A big part of that is how fantastic Van Meter did introducing our lead character.  Doctor Mirage plays into a tricky archetype - the prickly but gifted investigator.  Not only is it something we've seen a thousand times before, but it's tough to make it more than an archetype.  Perhaps Van Meter's strongest creative choice was in staging Mirage less as a sarcastic asshole (a la House) or above-it-all manipulator (like Constantine), but as a woman ravaged by loss and half-trapped in the world of the dead.  Rather than turning us against her and slowly winning us over, Van Meter immediately establishes sympathy and then moves on from there.  Shan is a surprisingly winning character.
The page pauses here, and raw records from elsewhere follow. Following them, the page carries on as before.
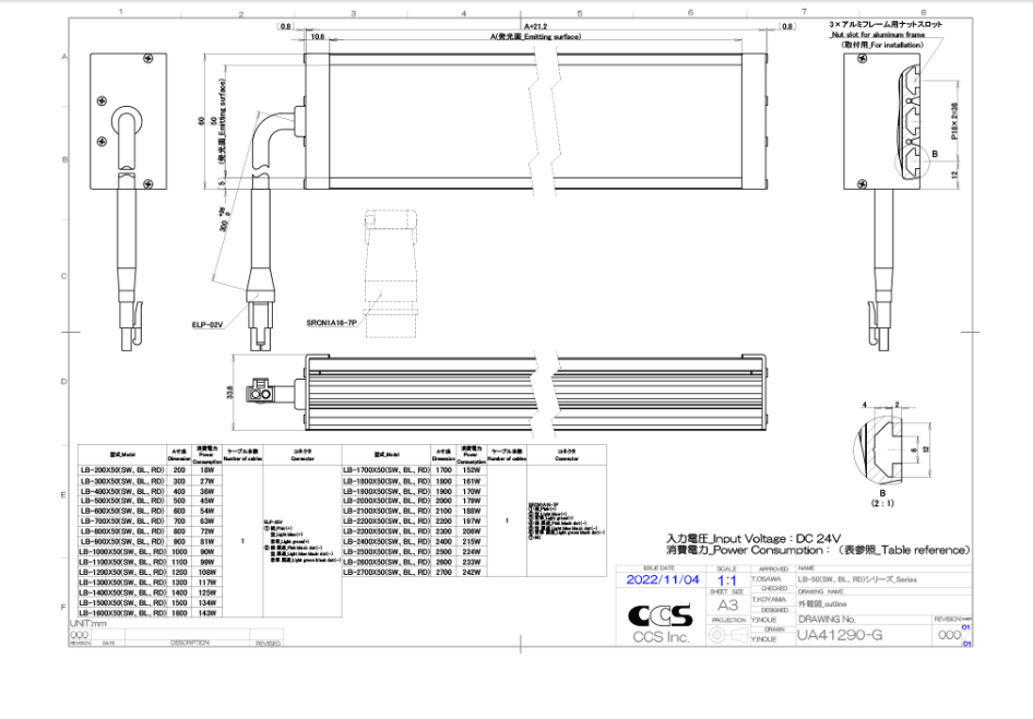 CCS希希爱视 LB-200X50RD 条形光源 LED发光颜色 LB-200X50RD: RedLB-200X50SW: WhiteLB-200X50BL: Blue 相关色温 LB-200X50SW : 6300 K typ. 峰值发光波长 LB-200X50RD: 630 nm typ.LB-200X50BL: 467 nm typ. 外观尺寸 W 221.2 mm x D 60 mm x H 33.6 mm 输入电压 24 VDC 消耗功率 18 W 极性, 信号 1: (+), 2: (-) 线缆长度 300 mm 外壳材质 Aluminum alloy, Steel sheet 输入端口 ELP-02V 适合规格 CE, UKCA, RoHSIEC 624711LB-200X50RD : ExemptLB-200X50SW : ExemptLB-200X50BL : Exempt 使用温湿度 Temperature: 0 to 40°C, Humidity: 20 to 85%RH (with no condensation) 保存温湿度 Temperature: -20 to 60°C, Humidity: 20 to 85%RH (with no condensation) 冷却方式 Natural air-cooling 重量 0.47 kg 附属品 使用说明书 备注 LB-200X50BL is made to order. Please contact your sales re...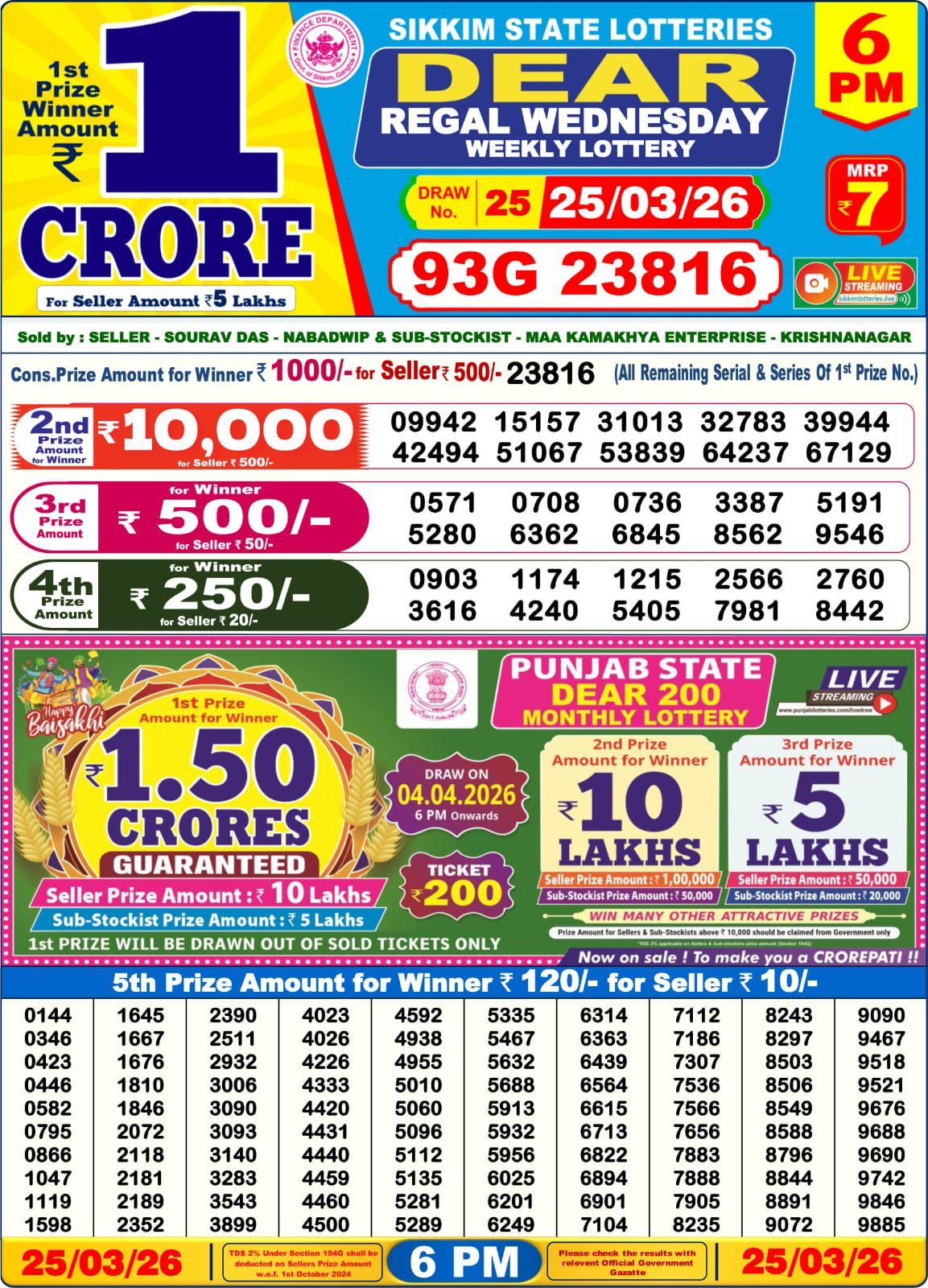 Status: Declared. 1st Prize (₹1 Crore) winning number: 93G23816#1PM86E29913.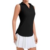 【Unleash Your Perfect Swing】Engineered for peak performance,this top's sleeveless cut and wide side slits offer total freedom of motion.This stretchy womens collared shirt moves with you,never against you,ensuring an unrestricted, powerful swing on the golf course or a swift backhand in tennis.

Valiant continues to nab top-tier artistic talent and put them on books that let them shine.  Roberto De La Torre's style with The Death-Defying Doctor Mirage is chilly and a bit ethereal. In a neat touch, the character designs are simple, the characters portrayed as typically quite small against large, detailed background spaces.  In superhero comics, you often see angles that emphasize the power and size of the heroes, an illusion of nobility; De La Torre often goes for wider shots, showing small people in a large world.  Even when we get close to a character, their features often become more obscured, covered in shadow.  We can spend time with these people, but everyone we meet in this issue wears loss and tragedy like armor against the world.  Only Shan's agent seems to be a normal, functional person; only Shan's agent is never once obscured by shadow or distance.

Colorist David Baron makes similarly strong creative decisions.  Baron's colors are muted, casting a funereal pall over the issue that suggests many of these characters feel only half alive.  The colors are muted, but the full palette is used.  It's the characters, not the world itself, that give the book its feel.  Tellingly, it isn't until the book gets truly supernatural that Baron slips into a more monochrome color use, and it has a dual effect: It feels appropriately otherworldly... but it also feels teeming with life in a way the rest of the book isn't.

The Death-Defying Doctor Mirage #1 is a fantastic debut issue to what promises to be one of the year's strongest new books.  Travel Foreman's eye-catching cover (above) sells the grim, naked longing that sits at the heart of the book and the darkness closing in around them both; like everything else in the book, it is smart, subtle, and distantly emotional.  I love a good cover, something that can really capture the essence of what you're about to read, and Foreman nailed it.  Jen Van Meter, Roberto De La Torre, and David Baron did their part as well, crafting a great introduction to a little-known character, and I urge you all to check the book out.